■ **TASK DIRECTIONS**
All of the data goes into your copy exactly as written. Images do not.

*** RAW DATA Section Begins ***

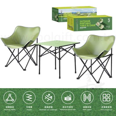 尺寸、重量: 桌子-約53x51x50cm、2.2kg 椅子-約43x43x68cm、0.9kg 材質:牛津布+加粗鋼管 內容物:桌子x1、椅子x2 包裝:提盒 特性: 1.可折疊好收納 2.適用於露營、野餐、沙灘、釣魚、居家
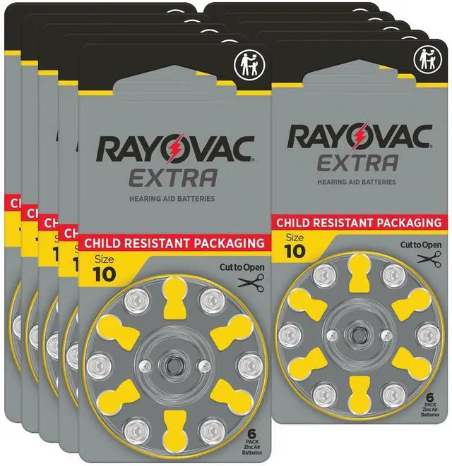 The Rayovac Extra Size 10 (identifiable by its yellow color code) is a high-performance zinc-air battery specifically engineered for modern hearing aids. It is part of Rayovac's premium line, often featuring their "Sound Fusion Technology" for improved durability and performance in high-drain devices like those with wireless streaming.
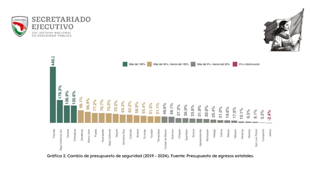 Finalmente, Jalisco fue el único estado que recortó fondos al rubro de seguridad en el periodo analizado, con -2.4 por ciento.
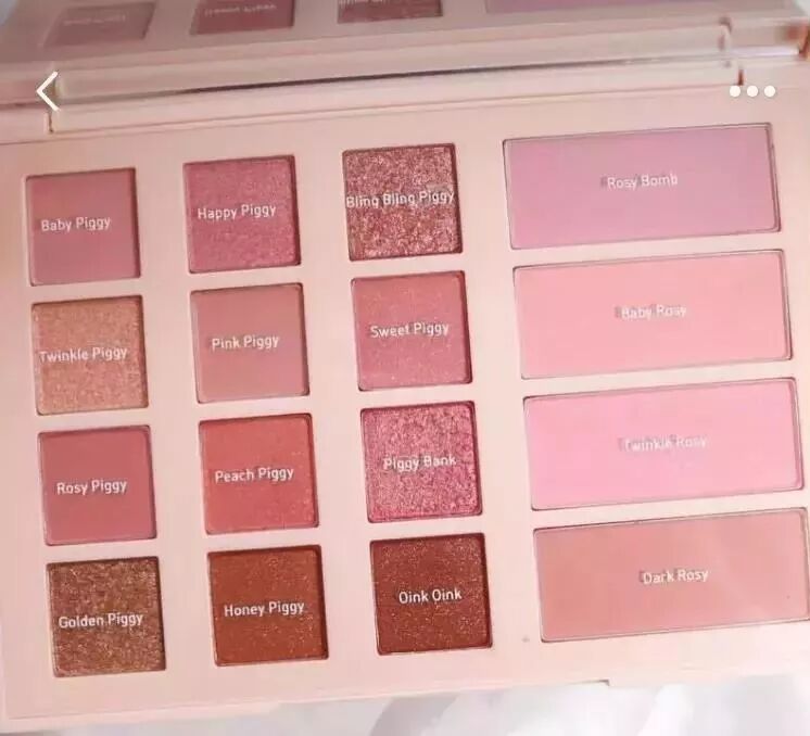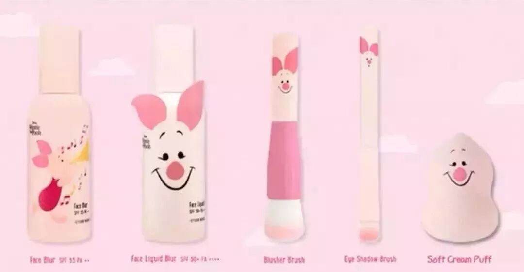 這次的設計主要以小豬皮傑為創作點,推出了5支唇釉,5個腮紅,10個單色眼影,2個妝前乳,2把化妝刷,還有一個巨軟萌的海綿蛋,簡直齊全。

*** RAW DATA Section Ends ***

■ **ANSWER BOX**
 尺寸、重量: 桌子-約53x51x50cm、2.2kg 椅子-約43x43x68cm、0.9kg 材質:牛津布+加粗鋼管 內容物:桌子x1、椅子x2 包裝:提盒 特性: 1.可折疊好收納 2.適用於露營、野餐、沙灘、釣魚、居家
 The Rayovac Extra Size 10 (identifiable by its yellow color code) is a high-performance zinc-air battery specifically engineered for modern hearing aids. It is part of Rayovac's premium line, often featuring their "Sound Fusion Technology" for improved durability and performance in high-drain devices like those with wireless streaming.
 Finalmente, Jalisco fue el único estado que recortó fondos al rubro de seguridad en el periodo analizado, con -2.4 por ciento.
 這次的設計主要以小豬皮傑為創作點,推出了5支唇釉,5個腮紅,10個單色眼影,2個妝前乳,2把化妝刷,還有一個巨軟萌的海綿蛋,簡直齊全。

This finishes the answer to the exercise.